> Information provided
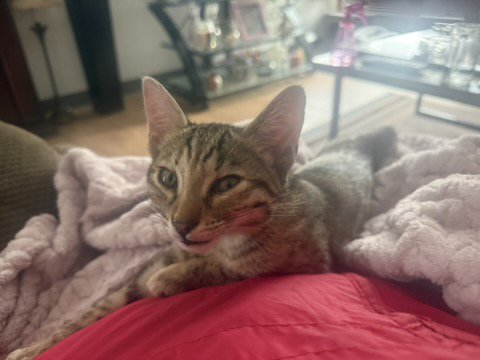 I am Pleased to see this BEAUTY is Sheltered from Harm. Especially in the Physical condition that it is in. Seems VERY CONTENT and LOVED. Communicates just like a Regular Domesticated Cat. PRECIOUS RESCUE 🥰🙏💕
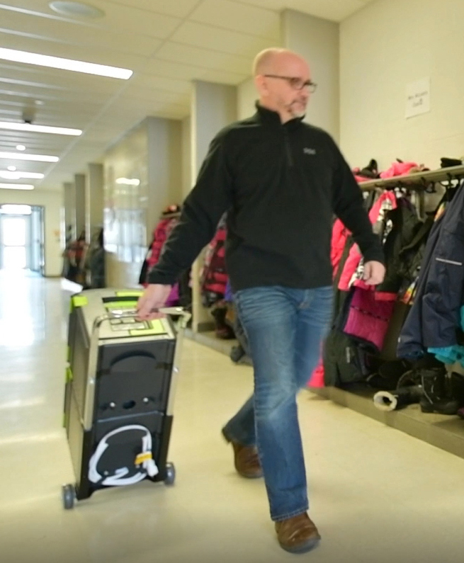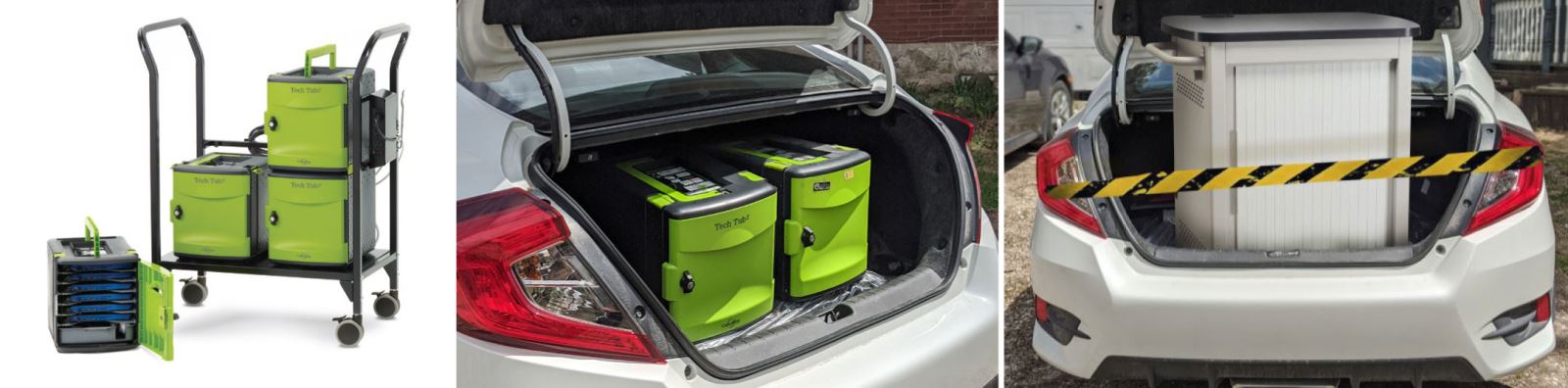 Tech directors used Tech Tubs to deliver devices door-to-door during the pandemic.
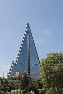 The third architectural category includes high-rise apartment complexes, including Harmonica houses, and hotels in the capital. The most striking of these buildings is the Ryugyong Hotel, unfinished as of now (with construction halted from 1992 to April 2008). Described as one of the world's tallest hotels at 105 stories, its triangular shape looms over north-central Pyongyang. The Koryo Hotel is an ultramodern, twin-towered structure forty-five stories high.[1]
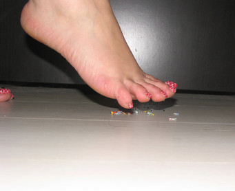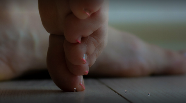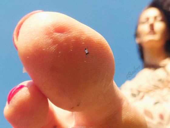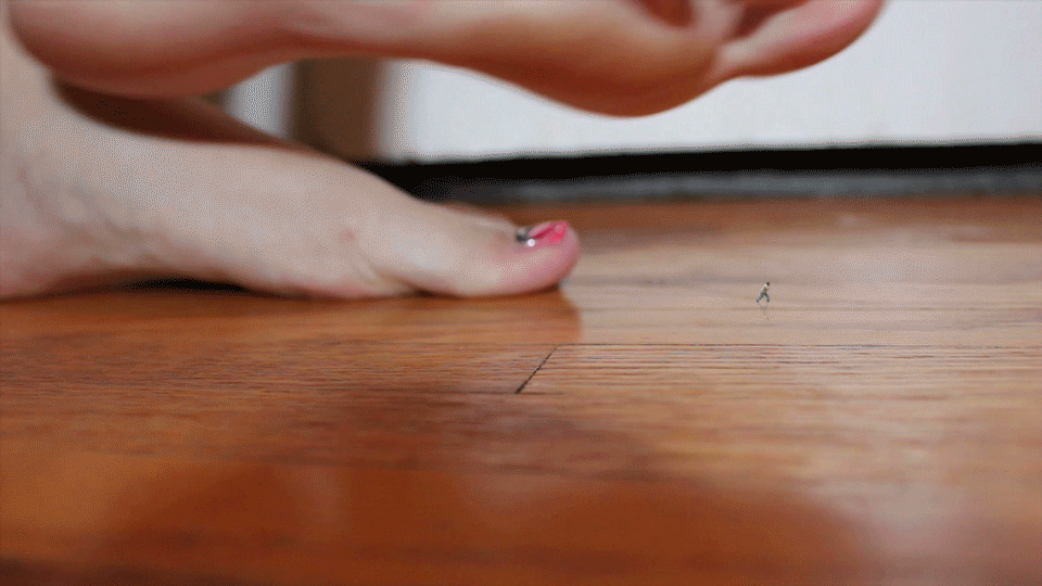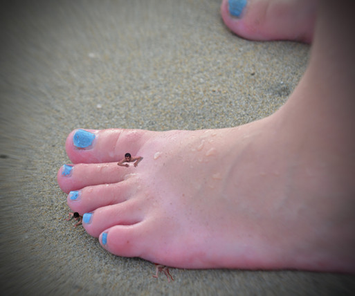 True. Unless she stays still or he moves, he could get squashed in an instant. Just look how small he is compared to that toe!
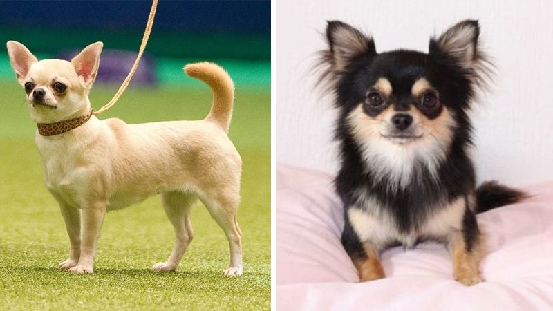 Phân biệt Chihuahua thuần chủng khá dễ nếu bạn để ý. Chúng có bộ lông đa dạng: lông ngắn ôm sát thân, phổ biến hơn ở ta, chỉ dày hơn ở cổ và bụng; còn lông dài mượt mà, phủ từ tai đến đuôi như rẻ quạt. Màu lông thì “đa sắc cầu vồng” – kem, trắng, vàng, nâu, socola, đen vàng… Điểm quan trọng: chiều cao ngắn hơn chiều dài thân, mắt ít lồi, mõm gọn, không cong như giống lai.
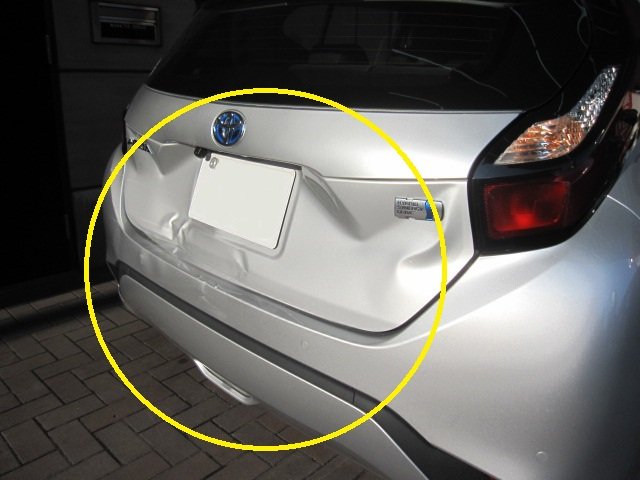 トヨタ アクア リアゲート バックパネル リアバンパー交換 キズ・ヘコミ修理│大阪市平野区 鈑金塗装 保険修理
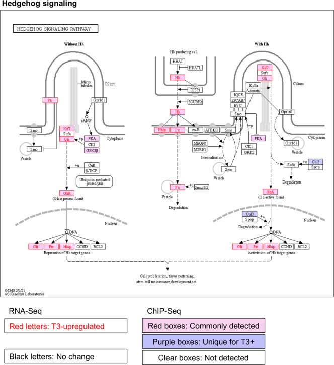 Fig. 3. TR-binding and regulation of genes in the hedgehog signaling pathway in intestine based on ChIP-Seq and RNA-Seq data.The hedgehog signaling pathway was visualized with regard to genes regulated by T3 based on RNA-Seq and/or bound by TR based on ChIP-Seq. The arrows show functional interaction: green for activation; red for inhibition. Letters in red indicate upregulated genes in wild-type intestine after T3 treatment. Letters in black indicate genes with no change in wild-type intestine after T3 treatment. Red boxes indicate ChIP-Seq detected genes both with and without T3 treatment, and purple boxes indicate genes identified by ChIP-Seq only in wild type with T3 treatment. Note that many genes including Sonic hedgehog (Hh) were upregulated by T3 and also bound by TR. No downregulated genes were found by RNA-Seq in this pathway.
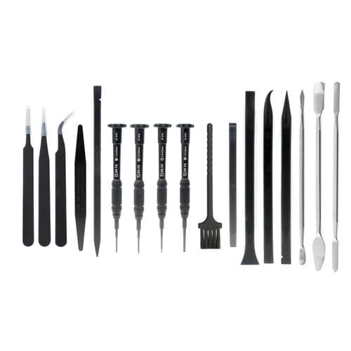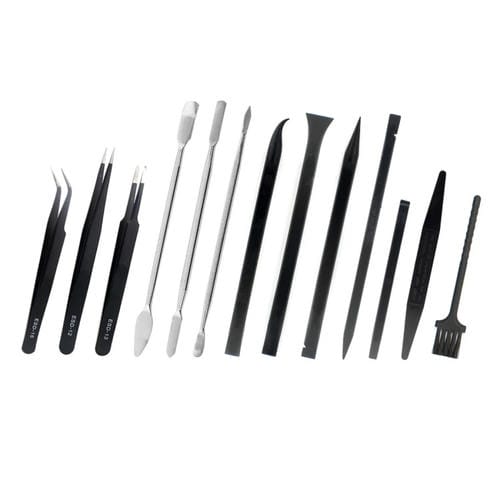- Incluye 17 herramientas: pinzas (x3), palo capacitivo, palo puntiagudo, cepillo, spudgers (x4), espátula de Metal, destornilladores Torx 0.8, cruzado 1.5, de tres puntos 0.6 y de zócalo 2.5 mm
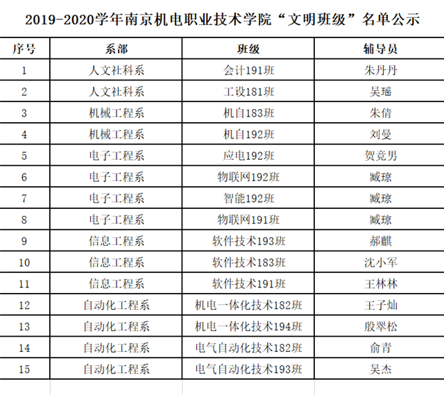 根据《开云手机官方版页面登录入口2019-2020学年三好学生、优秀学生干部、文明班级评选通知》规定,经学生本人申请、班级评议,系部审核推荐,学工处核准,学校审批,在公平、公正、公开的基础上,拟评选出以下个人和班级为2019-2020学年开云手机官方版页面登录入口“三好学生”、“优秀学生干部”、“文明班级”,现将名单公示如下。
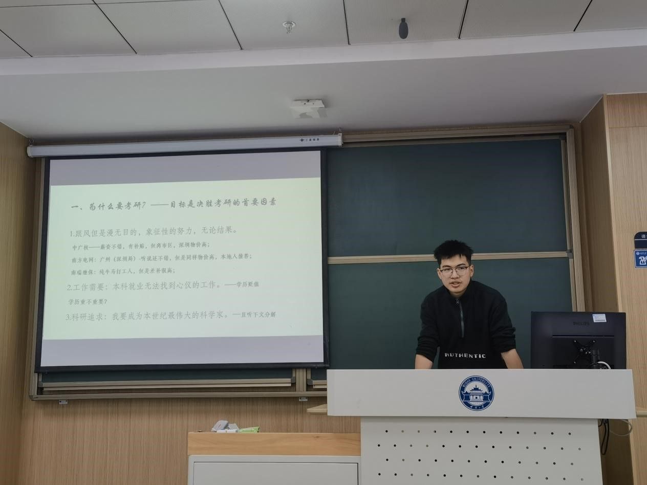 时光荏苒,本科2021级同学们大三上生活已经过了一半有余,考研准备的号角也将在来年春天吹响,为了缓解同学们的焦虑,并且为大家的考研准备提供更科学的指导,2023年11月16日下午,本科2021级筹办了考研经验分享会,本次分享会邀请了A片直播
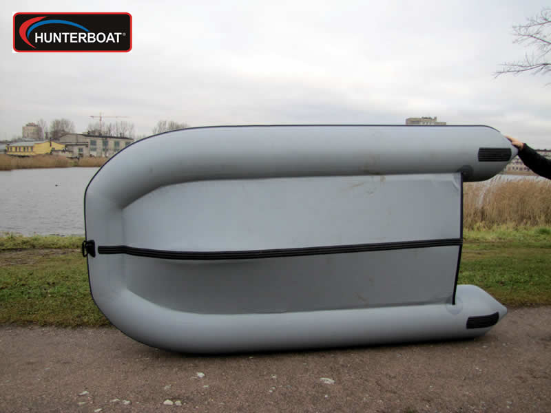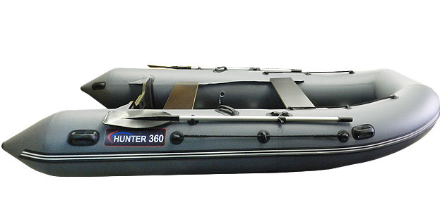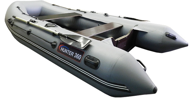 Новая надувная лодка Хантер 360 изготавливается из немецкой ткани ПВХ «Хайтекс». Плотность используемой ткани составляет 1050 гр/м.кв. и на корпусе и на днище. Надувные лодки Хантер 360 будут выпускаться только в серой цветовой гамме.
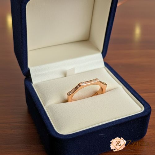 Embrace subtle sophistication with this handcrafted rose gold band. Designed for the modern romantic, it features brilliant-cut diamonds seamlessly set into a smooth, polished finish. Whether worn as a wedding band, a stacker, or a standalone statement, its minimalist charm makes it a versatile addition to any jewelry collection.”
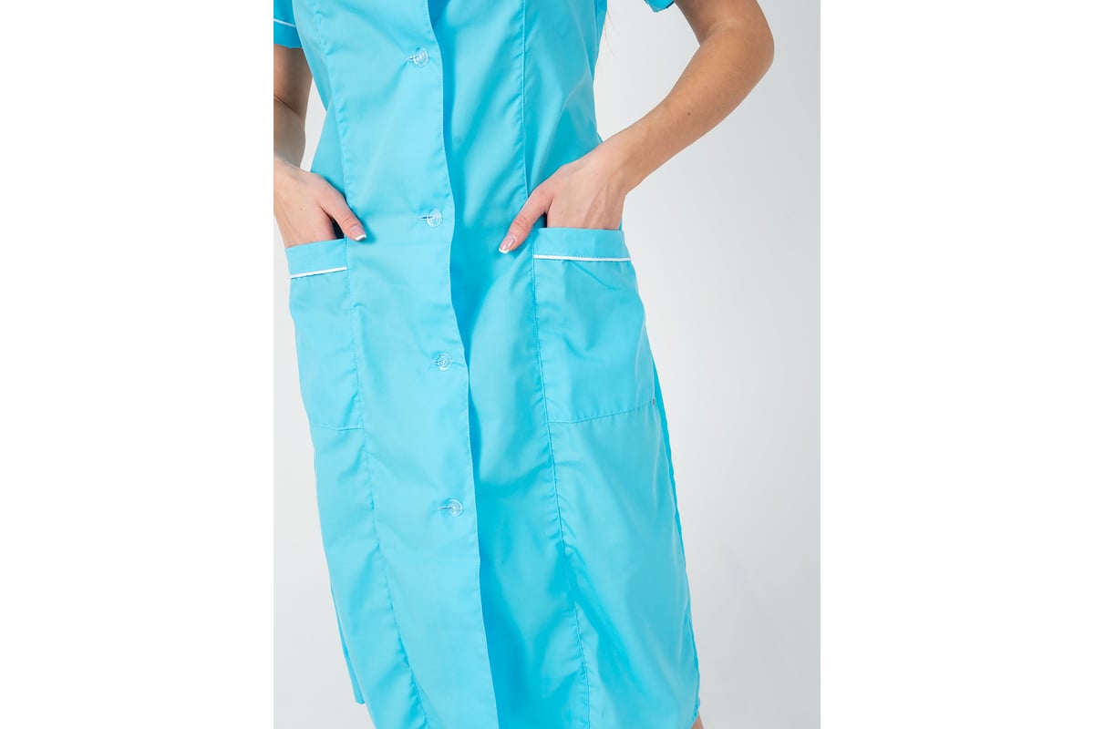 Женский халат ООО ГУП Бисер Классика-Лайт голубой, р. 48-50, рост 170-176 4640100803987 имеет короткий рукав и центральную застежку на пуговицы.

> Directions
The required output is the lines from the one containing "时光荏苒,本科2021级同学" through the end of the records above, reproduced exactly, with no pictures.

> Task output
 时光荏苒,本科2021级同学们大三上生活已经过了一半有余,考研准备的号角也将在来年春天吹响,为了缓解同学们的焦虑,并且为大家的考研准备提供更科学的指导,2023年11月16日下午,本科2021级筹办了考研经验分享会,本次分享会邀请了A片直播
 Новая надувная лодка Хантер 360 изготавливается из немецкой ткани ПВХ «Хайтекс». Плотность используемой ткани составляет 1050 гр/м.кв. и на корпусе и на днище. Надувные лодки Хантер 360 будут выпускаться только в серой цветовой гамме.
 Embrace subtle sophistication with this handcrafted rose gold band. Designed for the modern romantic, it features brilliant-cut diamonds seamlessly set into a smooth, polished finish. Whether worn as a wedding band, a stacker, or a standalone statement, its minimalist charm makes it a versatile addition to any jewelry collection.”
 Женский халат ООО ГУП Бисер Классика-Лайт голубой, р. 48-50, рост 170-176 4640100803987 имеет короткий рукав и центральную застежку на пуговицы.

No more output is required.